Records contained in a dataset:

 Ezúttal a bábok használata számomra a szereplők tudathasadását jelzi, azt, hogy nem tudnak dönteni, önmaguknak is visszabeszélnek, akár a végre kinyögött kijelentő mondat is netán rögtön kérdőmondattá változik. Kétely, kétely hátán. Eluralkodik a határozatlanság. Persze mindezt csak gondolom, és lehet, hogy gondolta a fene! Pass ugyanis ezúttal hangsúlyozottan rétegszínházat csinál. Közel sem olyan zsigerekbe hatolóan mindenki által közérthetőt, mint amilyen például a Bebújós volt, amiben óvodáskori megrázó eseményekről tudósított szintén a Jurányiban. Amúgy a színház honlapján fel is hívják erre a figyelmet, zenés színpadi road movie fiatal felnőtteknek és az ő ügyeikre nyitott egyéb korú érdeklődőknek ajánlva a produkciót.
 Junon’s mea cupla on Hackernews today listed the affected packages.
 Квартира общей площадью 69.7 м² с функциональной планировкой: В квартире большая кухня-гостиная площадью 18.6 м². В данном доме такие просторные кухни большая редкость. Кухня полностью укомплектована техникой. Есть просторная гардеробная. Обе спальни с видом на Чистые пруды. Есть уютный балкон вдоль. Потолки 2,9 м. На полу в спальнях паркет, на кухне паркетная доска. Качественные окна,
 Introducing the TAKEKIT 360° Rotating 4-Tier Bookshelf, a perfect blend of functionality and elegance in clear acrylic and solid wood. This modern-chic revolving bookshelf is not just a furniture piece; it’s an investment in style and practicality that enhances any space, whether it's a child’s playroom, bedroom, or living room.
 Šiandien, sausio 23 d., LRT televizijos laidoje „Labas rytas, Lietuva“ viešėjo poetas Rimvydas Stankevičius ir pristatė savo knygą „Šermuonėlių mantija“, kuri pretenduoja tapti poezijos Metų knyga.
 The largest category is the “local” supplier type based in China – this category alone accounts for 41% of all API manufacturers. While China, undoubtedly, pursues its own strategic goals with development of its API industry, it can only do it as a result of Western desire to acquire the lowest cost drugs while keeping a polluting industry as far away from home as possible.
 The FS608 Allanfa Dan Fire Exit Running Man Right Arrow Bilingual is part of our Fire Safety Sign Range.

Task:
An exact copy of every record above is required.

Response to the exercise:
 Ezúttal a bábok használata számomra a szereplők tudathasadását jelzi, azt, hogy nem tudnak dönteni, önmaguknak is visszabeszélnek, akár a végre kinyögött kijelentő mondat is netán rögtön kérdőmondattá változik. Kétely, kétely hátán. Eluralkodik a határozatlanság. Persze mindezt csak gondolom, és lehet, hogy gondolta a fene! Pass ugyanis ezúttal hangsúlyozottan rétegszínházat csinál. Közel sem olyan zsigerekbe hatolóan mindenki által közérthetőt, mint amilyen például a Bebújós volt, amiben óvodáskori megrázó eseményekről tudósított szintén a Jurányiban. Amúgy a színház honlapján fel is hívják erre a figyelmet, zenés színpadi road movie fiatal felnőtteknek és az ő ügyeikre nyitott egyéb korú érdeklődőknek ajánlva a produkciót.
 Junon’s mea cupla on Hackernews today listed the affected packages.
 Квартира общей площадью 69.7 м² с функциональной планировкой: В квартире большая кухня-гостиная площадью 18.6 м². В данном доме такие просторные кухни большая редкость. Кухня полностью укомплектована техникой. Есть просторная гардеробная. Обе спальни с видом на Чистые пруды. Есть уютный балкон вдоль. Потолки 2,9 м. На полу в спальнях паркет, на кухне паркетная доска. Качественные окна,
 Introducing the TAKEKIT 360° Rotating 4-Tier Bookshelf, a perfect blend of functionality and elegance in clear acrylic and solid wood. This modern-chic revolving bookshelf is not just a furniture piece; it’s an investment in style and practicality that enhances any space, whether it's a child’s playroom, bedroom, or living room.
 Šiandien, sausio 23 d., LRT televizijos laidoje „Labas rytas, Lietuva“ viešėjo poetas Rimvydas Stankevičius ir pristatė savo knygą „Šermuonėlių mantija“, kuri pretenduoja tapti poezijos Metų knyga.
 The largest category is the “local” supplier type based in China – this category alone accounts for 41% of all API manufacturers. While China, undoubtedly, pursues its own strategic goals with development of its API industry, it can only do it as a result of Western desire to acquire the lowest cost drugs while keeping a polluting industry as far away from home as possible.
 The FS608 Allanfa Dan Fire Exit Running Man Right Arrow Bilingual is part of our Fire Safety Sign Range.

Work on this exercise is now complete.